INFORMATION SUPPLIED Start Marker

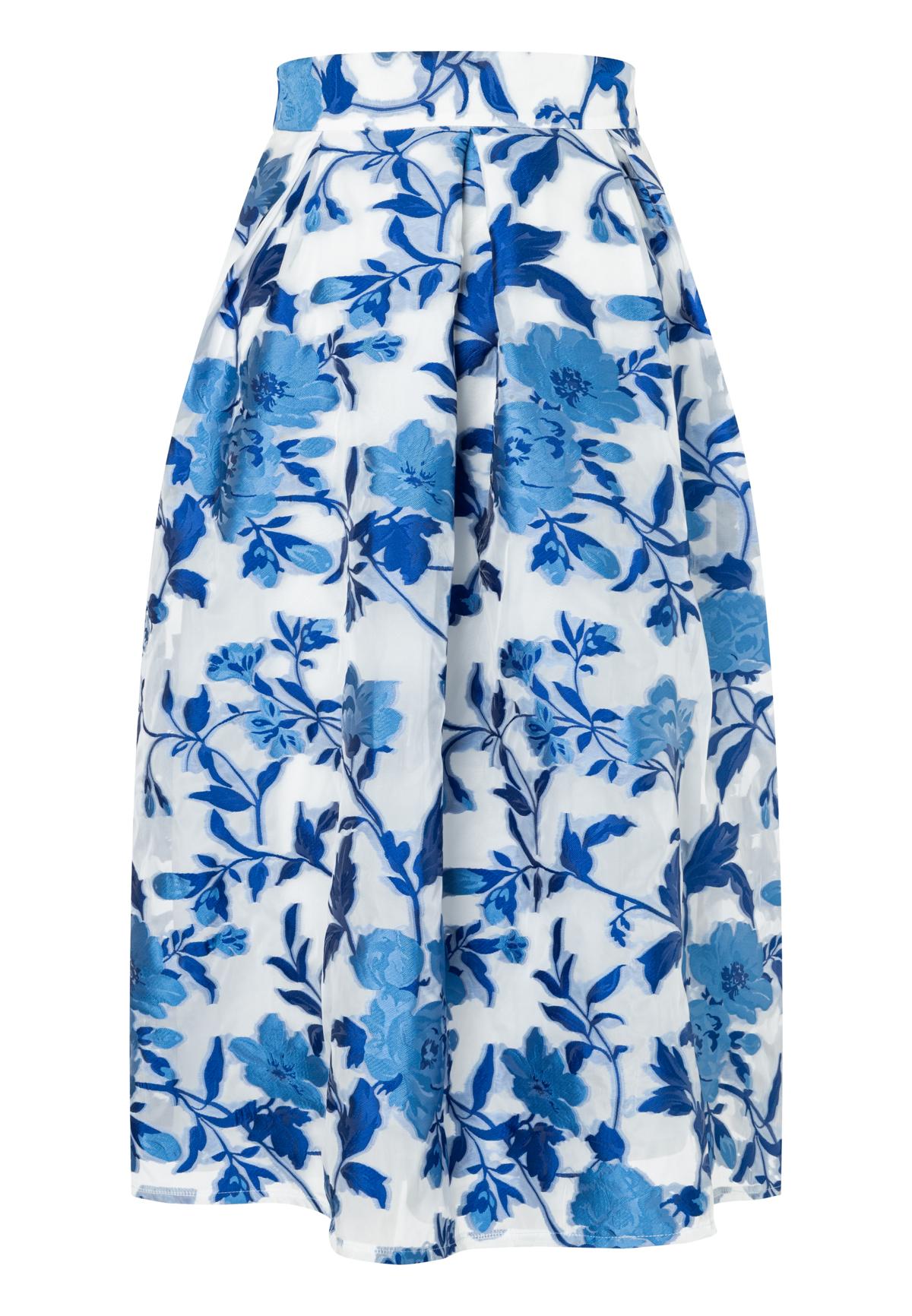 Dieser Sommerrock in Midilänge in klassischem Blau‑Weiß verbindet femininen Retro‑Charme mit moderner Eleganz – perfekt für besondere Anlässe, Sommerfeste und Urlaubsmomente.
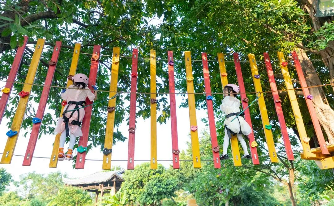 穿越丛林项目,麻涌就此一家!集冒险、运动、娱乐、挑战于一体。除了这个,萌爸客还能坐观光小火车游园、划龙舟、农耕体验、手工diy等等。
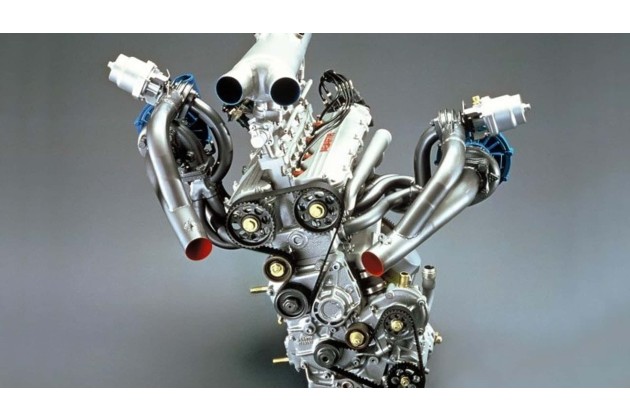 Doch damit nicht genug: Um die beiden Turbos einbauen zu können, wurde der Kopf mit vier Ventilen pro Zylinder nach einem Cross-Flow-Muster umgestaltet. Das bedeutet, dass sowohl die Einlass- als auch die Auslassventile der Zylinder nicht auf der gleichen Seite, sondern abwechselnd angeordnet waren. Dies ermöglichte dem Motor eine homogene Temperatur, eine gleichmäßigere Ausdehnung der Werkstoffe und erlaubte eine höhere Verdichtung und einen höheren Turbodruck und erzeugte günstige Turbulenzen in den Brennkammern.
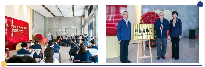 “琴原廈門市政協(xié)主席、廈門市音樂學(xué)校名譽(yù)校長(zhǎng)蔡望懷,廈門市委教育工委委員、副局長(zhǎng)洪軍,廈門市音樂學(xué)校黨委書記、校長(zhǎng)譚筱英共同為琴島音樂廳揭牌。
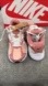 Stylish Nike sneakers in blush and white. Perfect for casual outings. Comfortable and trendy design.
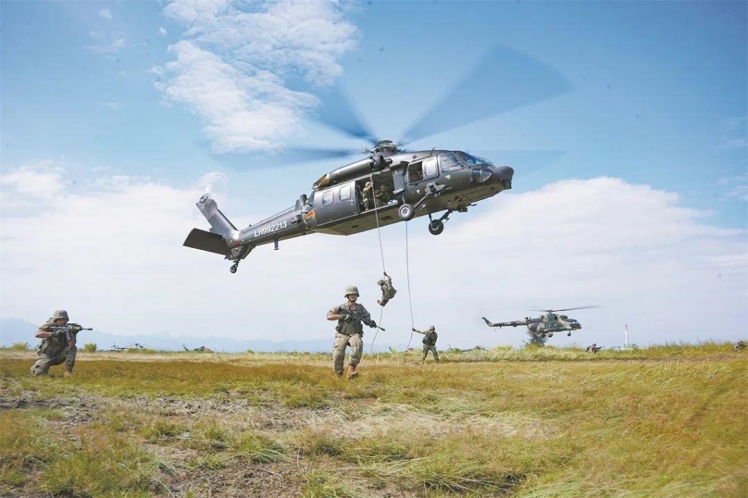 △第72集團軍某旅某合成營官兵在陸航部隊配合下開展機降訓練。
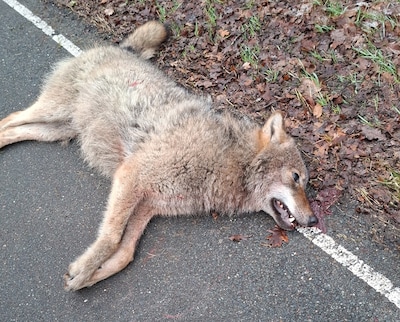 Dode wolf gevonden langs weg na vermoedelijke aanrijding
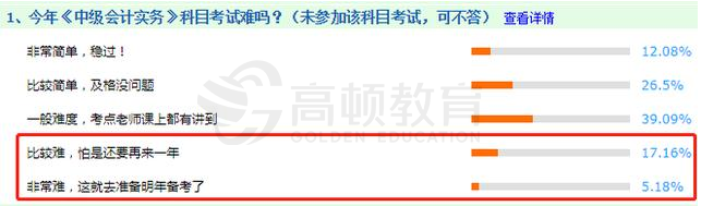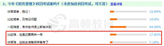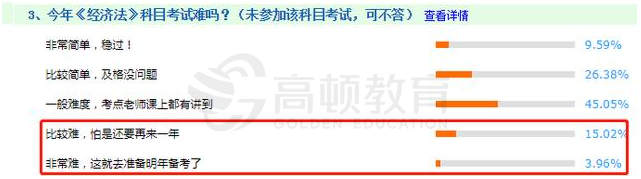 也就是说,调研结果告诉我们:财管难度第1,中级会计实务难度次之,经济法难度最能令人接受,排行第3名。
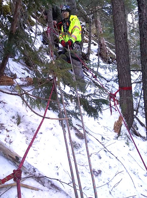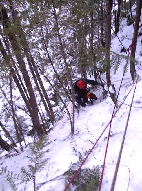 EASTPORT — While firefighters have been known to climb up trees to rescue cats, this time one had to be lowered down on ropes to rescue a dog on Monday, Feb. 17, up past Copper Falls.
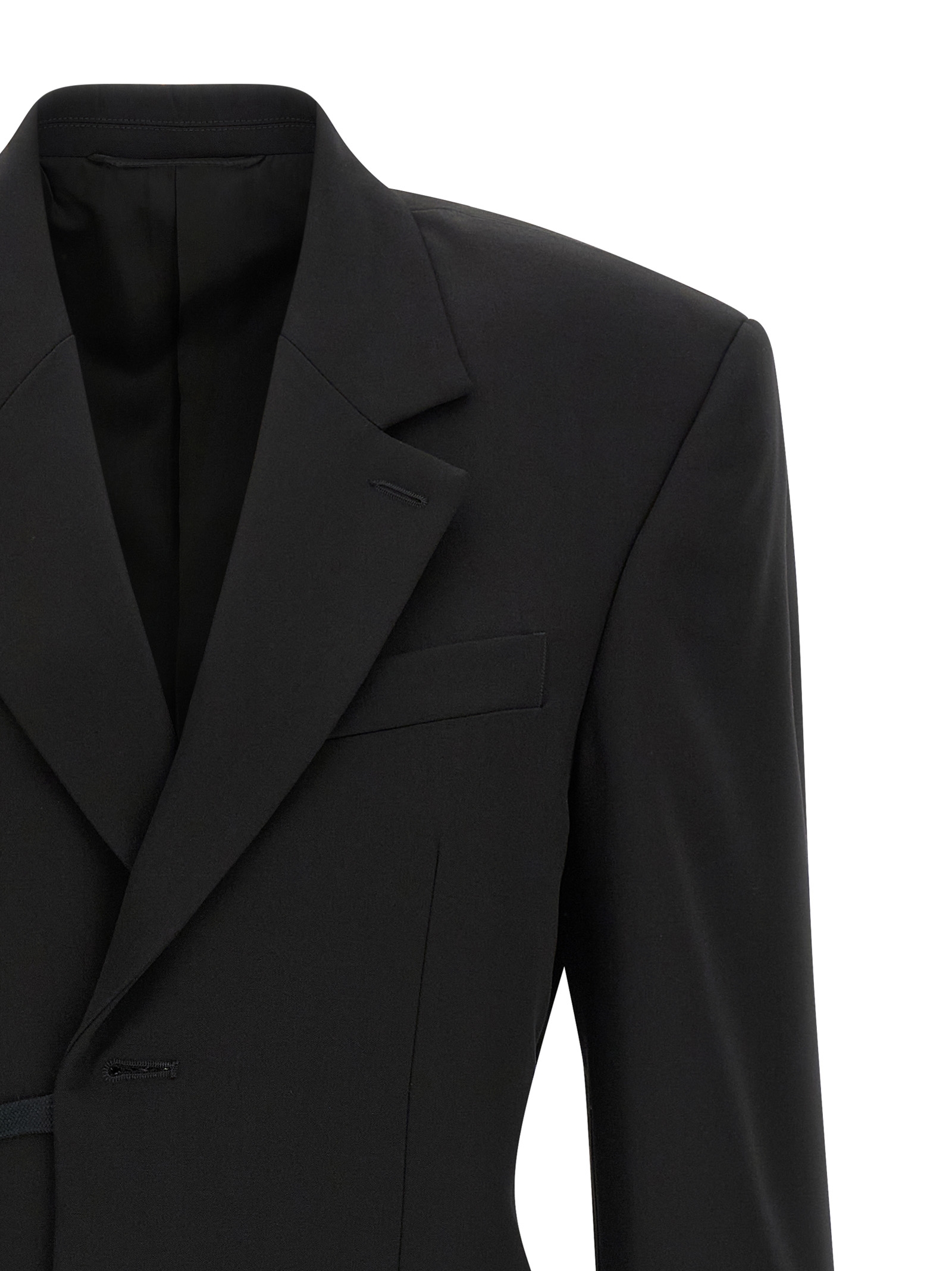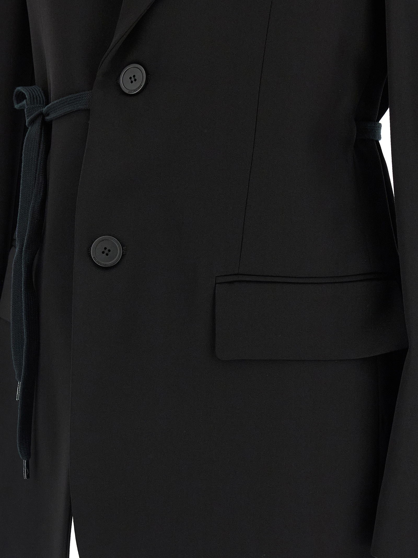 Wrap Tailored’ single-breasted wool blazer with front button closure, wallet construction with drawstring at the waist, mirror lapels, breast pocket, flap pockets, structured shoulder strap, long sleeves, back split, cupro lining.
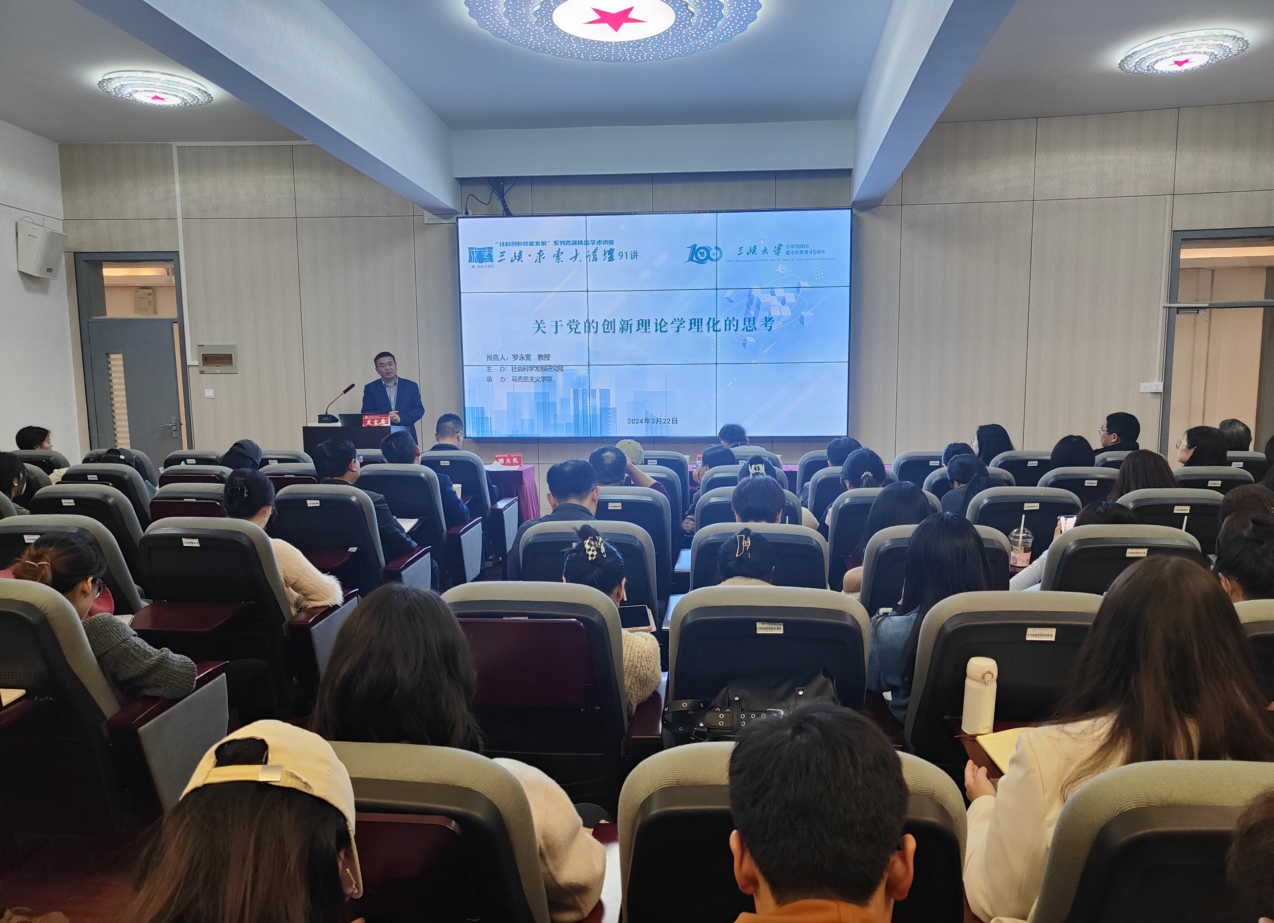本网讯(通讯员 王宜玲 刘军蓉) 3月22日,由社会科学发展研究院主办、马克思主义学院承办的“三峡·求索大讲坛”第91讲在W-2205报告厅举行。武汉大学马克思主义学院院长、博士生导师罗永宽教授应邀作了题为“关于党的创新理论学理化的思考”的学术报告。报告会由学校马克思主义学院副院长潘大礼教授主持。马克思主义学院百余名师生聆听了报告。

INFORMATION SUPPLIED End Marker

▶ EXERCISE REQUIREMENTS:
In the records above, find the line that contains "也就是说,调研结果告诉我们:财管难度第1", then write it out along with every line after it, exactly, through the last one. Leave the pictures out.

▶ RESULT FOR THIS TASK:
 也就是说,调研结果告诉我们:财管难度第1,中级会计实务难度次之,经济法难度最能令人接受,排行第3名。
 EASTPORT — While firefighters have been known to climb up trees to rescue cats, this time one had to be lowered down on ropes to rescue a dog on Monday, Feb. 17, up past Copper Falls.
 Wrap Tailored’ single-breasted wool blazer with front button closure, wallet construction with drawstring at the waist, mirror lapels, breast pocket, flap pockets, structured shoulder strap, long sleeves, back split, cupro lining.
本网讯(通讯员 王宜玲 刘军蓉) 3月22日,由社会科学发展研究院主办、马克思主义学院承办的“三峡·求索大讲坛”第91讲在W-2205报告厅举行。武汉大学马克思主义学院院长、博士生导师罗永宽教授应邀作了题为“关于党的创新理论学理化的思考”的学术报告。报告会由学校马克思主义学院副院长潘大礼教授主持。马克思主义学院百余名师生聆听了报告。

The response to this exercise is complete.